Bayraktar, yazılı açıklamasında, 1 Eylül 2020’de başlayan balık avcılığı sezonunun tüm denizlerde trol ve gırgır ağları ile avcılık yapan balıkçılar için yarın sona ereceğini ve av yasağının 1 Eylül 2021’e kadar devam edeceğini anımsattı.
Bu süreçte isteyen balıkçıların, karasularının bitişiğindeki uluslararası sularda ve su ürünleri avcılık tebliğiyle getirilen düzenlemelere uyulması şartıyla uzatma ağlarıyla avcılık yapabileceği bilgisini veren Bayraktar, “Su ürünleri avcılığı konusunda bilinçli ve duyarlı vatandaşlarımızın yasak olan avcılık faaliyetlerini gördüklerinde il ve ilçe müdürlüklerimize ya da jandarmaya bildirerek, su ürünlerinin sürdürülebilirliğinin sağlanmasına katkıda bulunmaları gerekmektedir. Balık alırken boy yasağına aykırı avlanmış küçük balık satışına, av yasağı süresince yasak olan türlerin satışına ve balık satış yerlerinde asgari hijyen şartlarına uyulup uyulmadığına dikkat ederek balık alınması gerekmektedir.” değerlendirmesinde bulundu.

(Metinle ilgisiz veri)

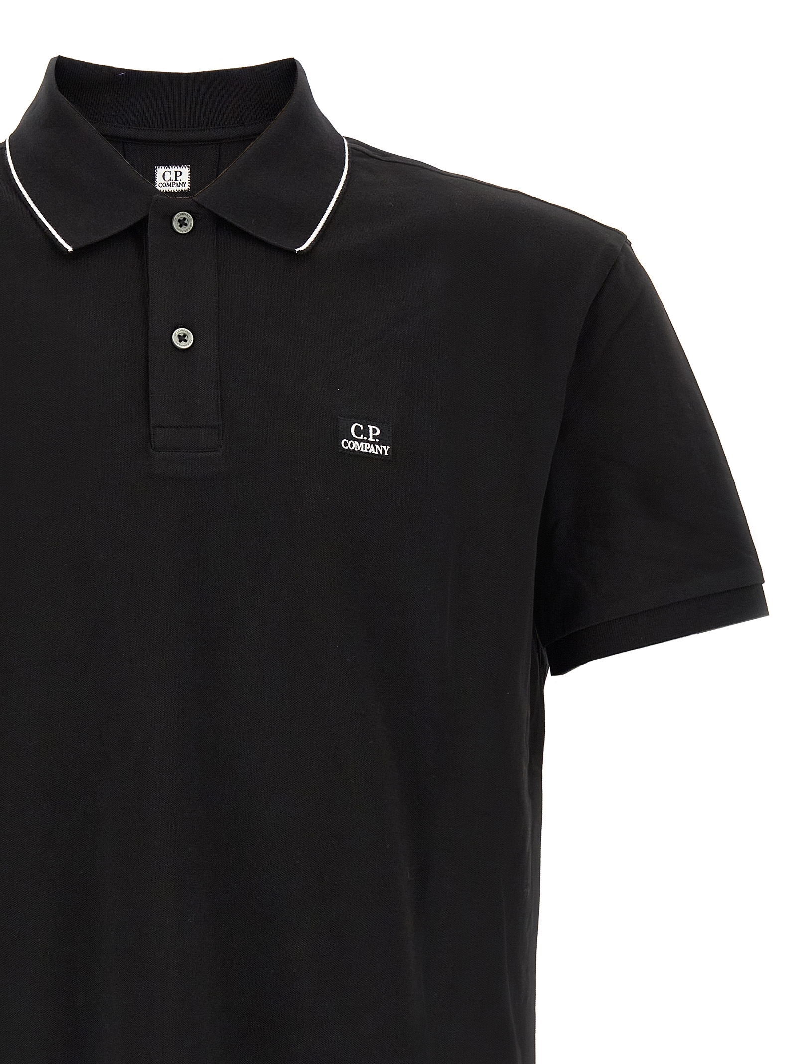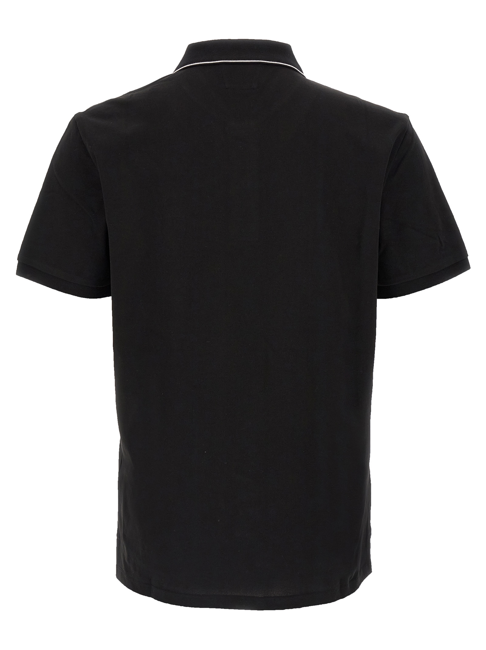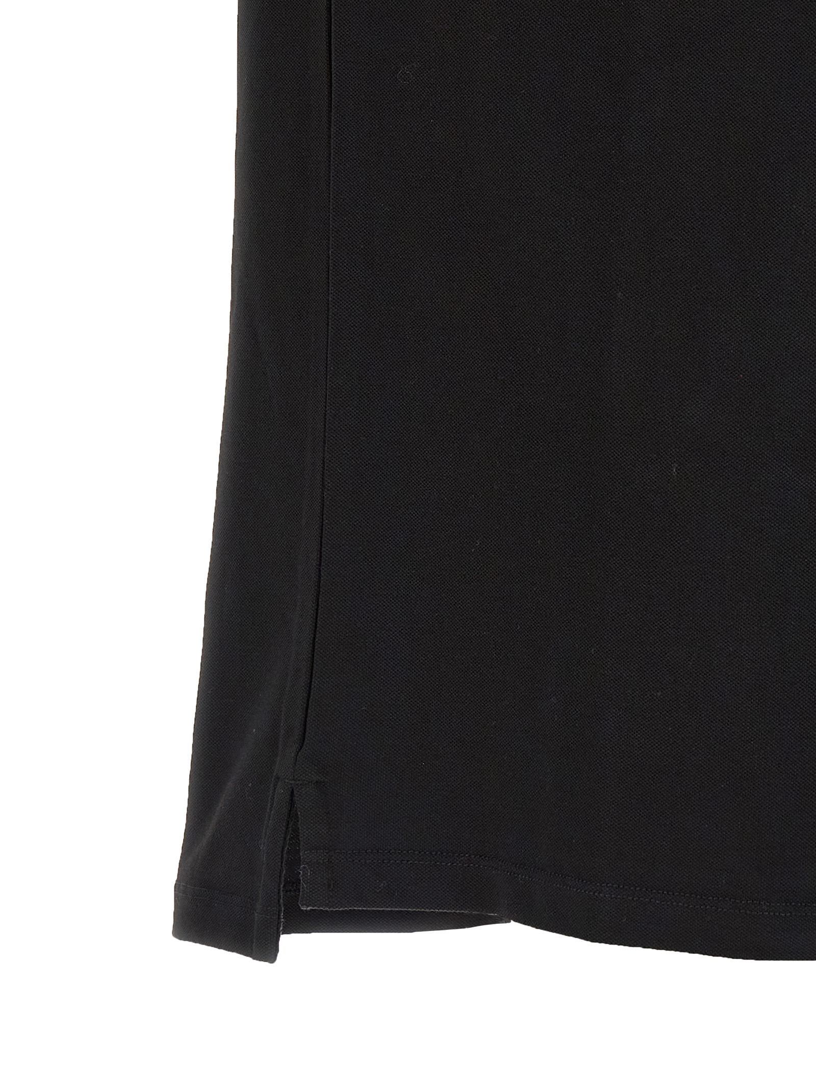 Stretch cotton piquet polo shirt with front logo patch, collar with contrasting detail and buttons, short sleeves with cuffs, side slits on an asymmetrical hem.

Bayraktar, su ürünleri avcılığının son yıllarda azalma gösterdiğini, 2010 yılında 485 bin 939 ton olan üretimin 2020 yılında 363 bin 168 tona gerilediğini ifade ederek, yeteli altyapı olmadığı için ülkede açık deniz balıkçılığı yapılamadığını ve bu nedenle de av baskısının kıyılarda yoğunlaştığını kaydetti.
“Balıkçılık sektörüne yönelik tesisler kurulmalı”
Su ürünleri avcılığının sürdürülebilirliği için yapılması gerekenlere de dikkati çeken Bayraktar, şu uyarıları sıraladı:
“Stokları koruyucu ve geliştirici yönde kontrol çalışmalarının artırılmasına öncelik verilmelidir. Su ürünleri avcılığı yapan tüm balıkçılarımızın sürdürülebilir avcılığın sağlanabilmesi için uygulanan av yasaklarına titizlikle uymaları, balık boyu, zaman, derinlik, mesafe ve av araçları ile ilgili düzenlemeler ve yasaklara riayet etmeleri, kendi geleceklerini tehlikeye atmamaları gerekmektedir. Sürdürülebilir su ürünleri üretimi ülkemizde ana politika olmalı ve bu politika çerçevesinde gerekli stratejiler ile kısa, orta ve uzun vadeli eylem planları ve hedefler belirlenmelidir. Sektörün gelişmesi için destek ve teşviklere ihtiyaç vardır. Kaynakların rasyonel kullanılabilmesi için su ürünleri eğitim merkezleri kurularak, eğitimler yapılmalı ve Ar-Ge çalışmaları desteklenmelidir. Su ürünleri sektöründe örgütlenme yapısı mutlaka güçlendirilmelidir. Balıkçılıkta arz-talep dengesi oluşturularak, sürdürülebilir balıkçılığın sağlanması gerekmektedir. Balıkçılık sektöründeki ürünlere yönelik dondurma, tuzlama, konserve ve paketleme ünitesi içeren işleme tesislerinin kurulması ekonomik anlamda sektöre katkı sağlayacaktır.”